──────── Material shown
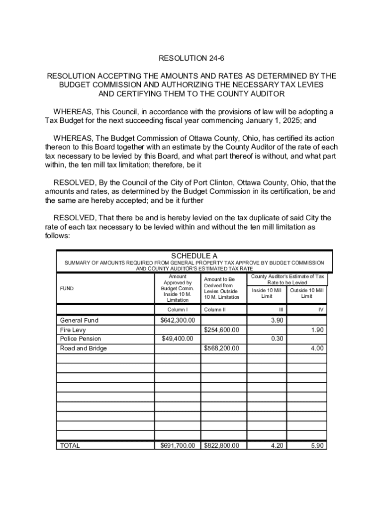 This resolution involves the acceptance of amounts and tax rates determined by the Budget Commission for the fiscal year starting January 1, 2025. It authorizes necessary tax levies to be certified to the County Auditor, detailing the amounts required from general property taxes as approved by the Budget Commission and the estimated tax rates for different funds.
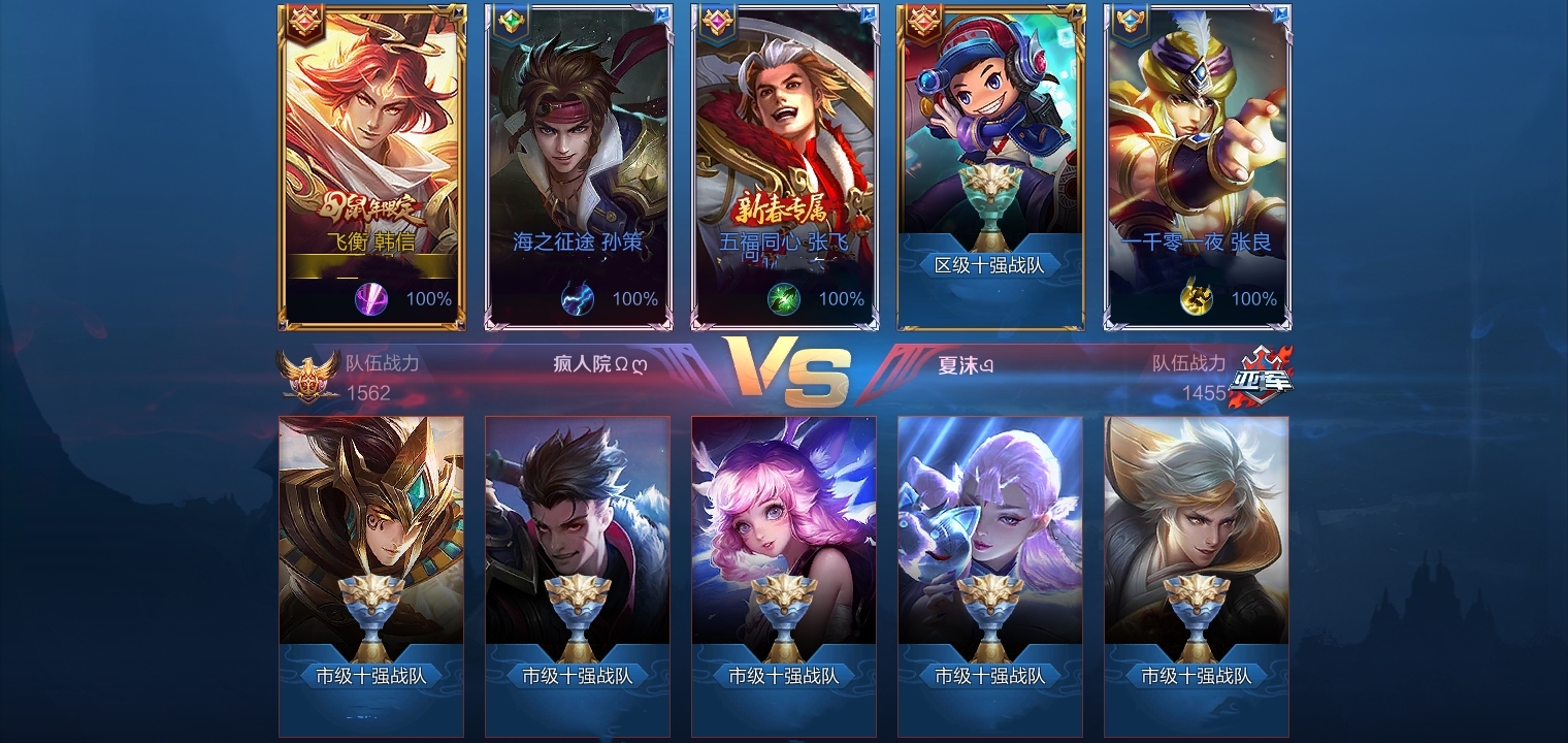 第二种情况就是像这样,大家都知道,最近王者里出来一个战队名次的东西,不知这种情况你遇到过吗?对面直接是一个战队的,五个都有标志,本身一个战队的人都非常有默契,更何况这是一个市级十强战队的组合。请问看到这种对手你慌不慌,迷不迷。
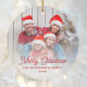 Spread holiday cheer to friends and family with this modern keepsake ornament. The red text reads "Merry Christmas" in stylish retro handwriting script. Replace the sample image with your favourite photo, and add your family name and the year. A white gradient filter helps make the text pop.
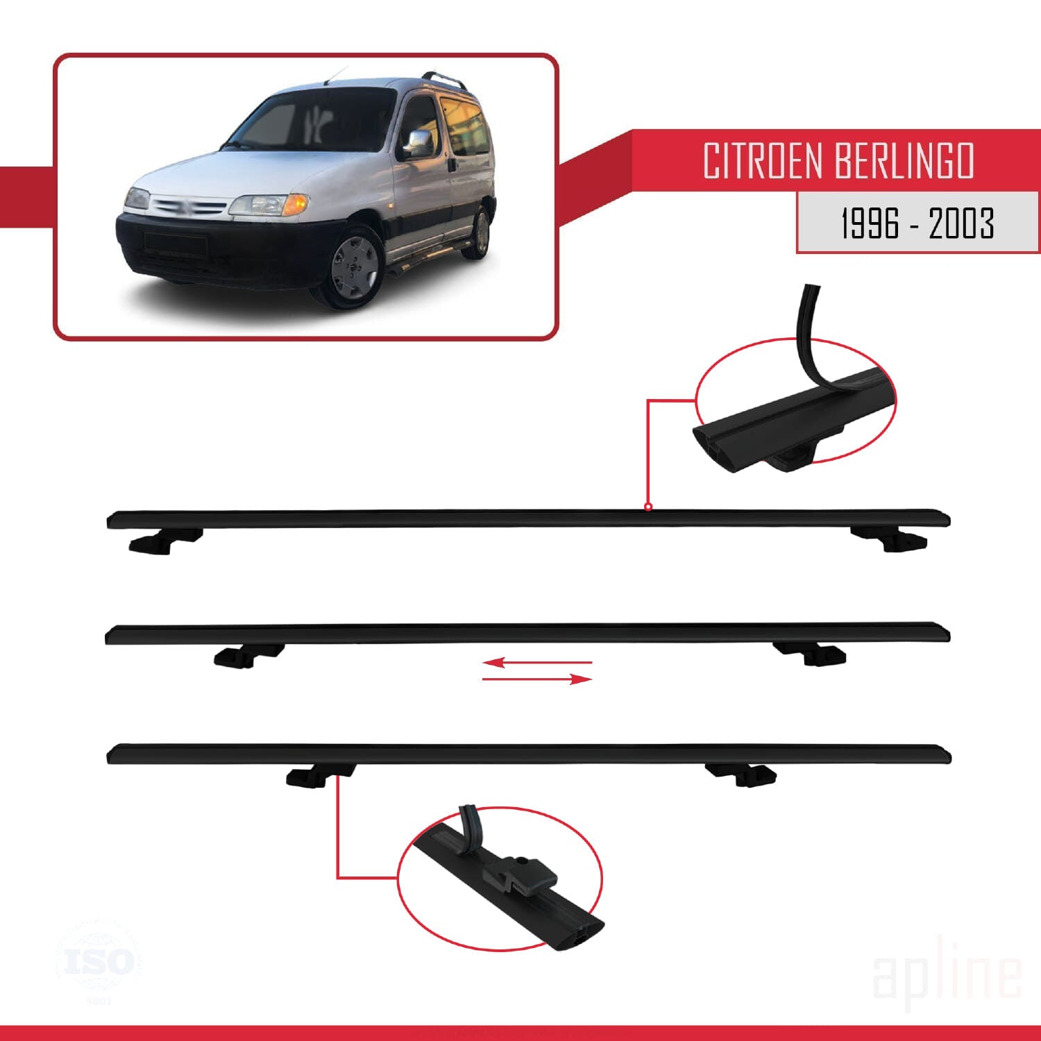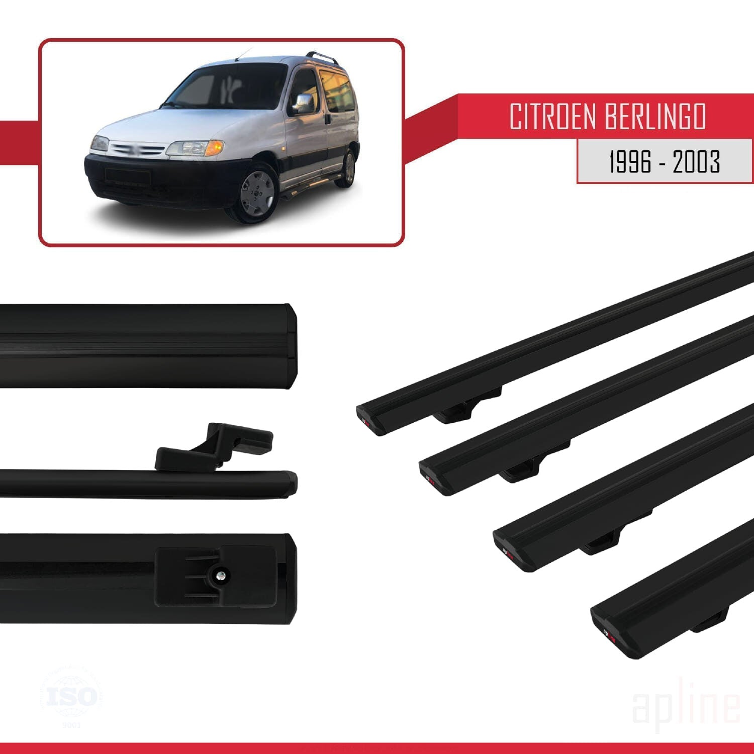 Compatible avec Citroen Berlingo (M49) 1996-2003 BASIC Model Barres de Toit Railing Porte-Bagages de Voiture Noir Aluminium 4 Barres
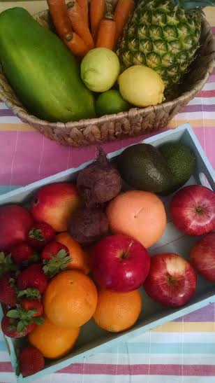 Esta es mi lista fija de la semana: papaya, mango, piña, fresas, manzanas, naranjas, pomelo, zanahorias, plátanos, remolacha, aguacate, pepino y limón. A veces también incluyo uvas, picotas, melón o sandía.
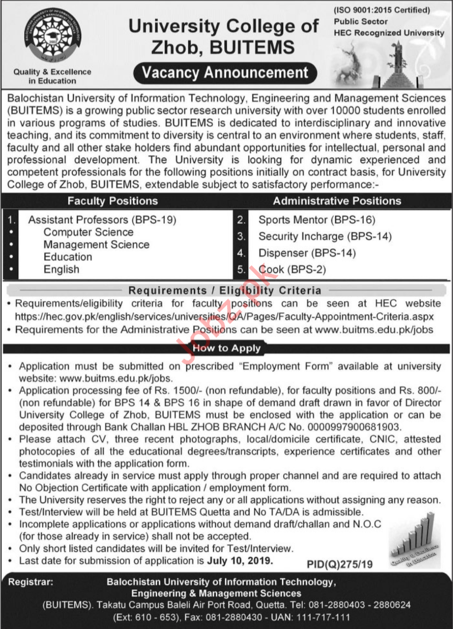 University College of Zhob BUITEMS Balochistan University of IT Engineering & Management Sciences is currently looking for highly qualified and well educated individuals for the posts of Assistant Professor Computer Science, Assistant Professor Management Science, Assistant Professor Education, Assistant Professor English, Sports Mentor, Security Incharge, Dispenser & Cook.
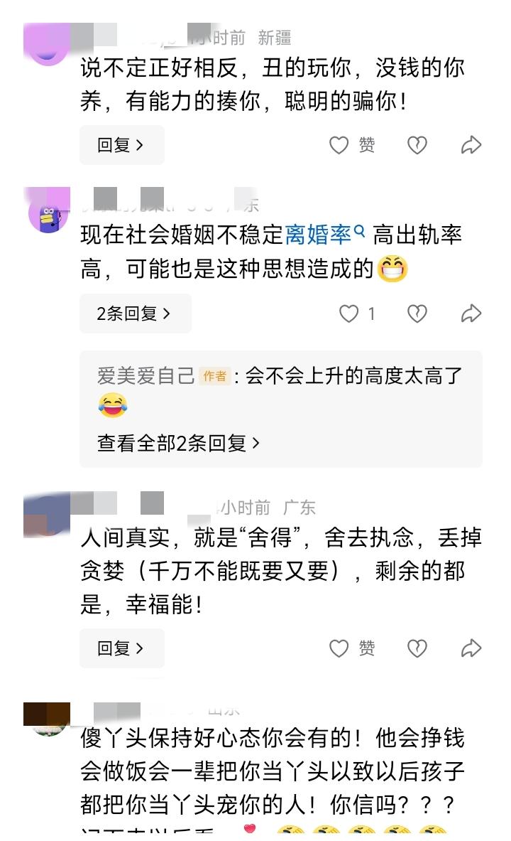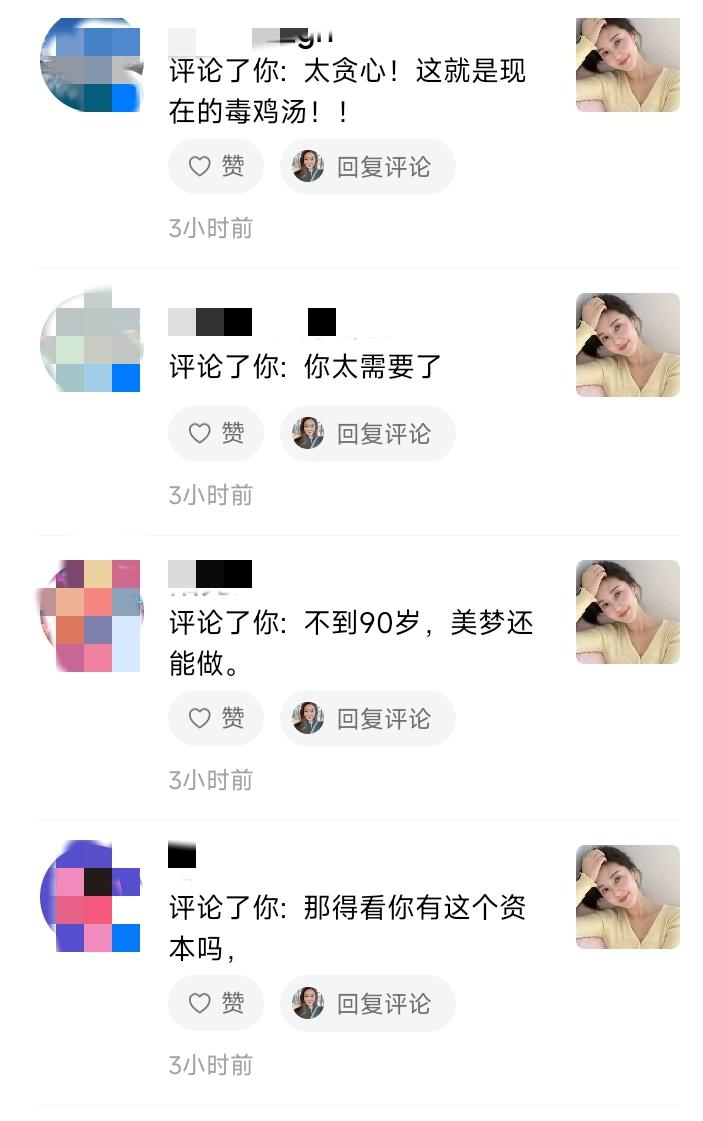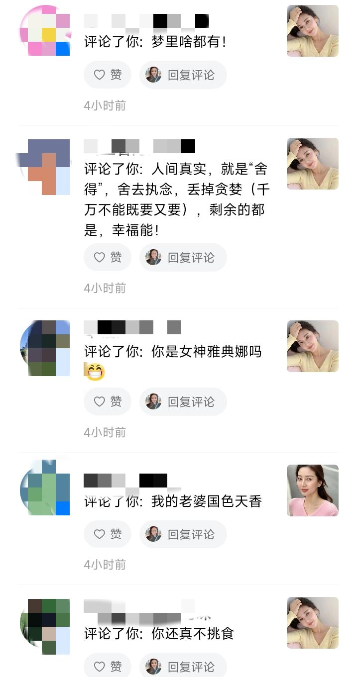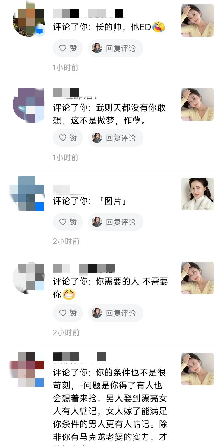 【精选评论区】昨天做梦帖的骂声,我帮大家分类了😂 昨天说想要四个男人,评论区炸了。我一条条看完,发现可以分成这几类: 第一类:人身攻击型 “找个黑人吧” “找个有钱的美国老头” ——嗯,攻击我满足不了你,你开心就好。 第二类:“你不配”型 “这样的人会喜欢你吗?” “那得看你有这个资本吗” ——原来我的标准,需要你先审批通过才行? 第三类:诅咒恐吓型 “丑的玩你,没钱的你养,有能力的揍你,聪明的骗你!” “长得帅,他ED” “你需要的人不需要你” ——这是怕我不害怕,就不降低标准吗? 第四类:上纲上线型 “武则天都没有你敢想,这不是做梦,作孽” “毒鸡汤害人” “太贪心” ——原来女人做梦,是危害社会的事? 我看了半天,发现一个规律: 骂得越狠的人,越像在给自己写内心独白。 他们不是在说我,是在说: “如果女人都像你这样清醒,我们就骗不到、吓不住、配不上了。” 那我更要继续做梦了。 毕竟,梦醒了,难受的是他们。😊 评论区 伤人最深的评论
────────────────
Skipping the pictures, print the lines in the listing above exactly as written, starting at the line with "Compatible avec Citroen" and ending at the line with "University College of", both included.

 Compatible avec Citroen Berlingo (M49) 1996-2003 BASIC Model Barres de Toit Railing Porte-Bagages de Voiture Noir Aluminium 4 Barres
 Esta es mi lista fija de la semana: papaya, mango, piña, fresas, manzanas, naranjas, pomelo, zanahorias, plátanos, remolacha, aguacate, pepino y limón. A veces también incluyo uvas, picotas, melón o sandía.
 University College of Zhob BUITEMS Balochistan University of IT Engineering & Management Sciences is currently looking for highly qualified and well educated individuals for the posts of Assistant Professor Computer Science, Assistant Professor Management Science, Assistant Professor Education, Assistant Professor English, Sports Mentor, Security Incharge, Dispenser & Cook.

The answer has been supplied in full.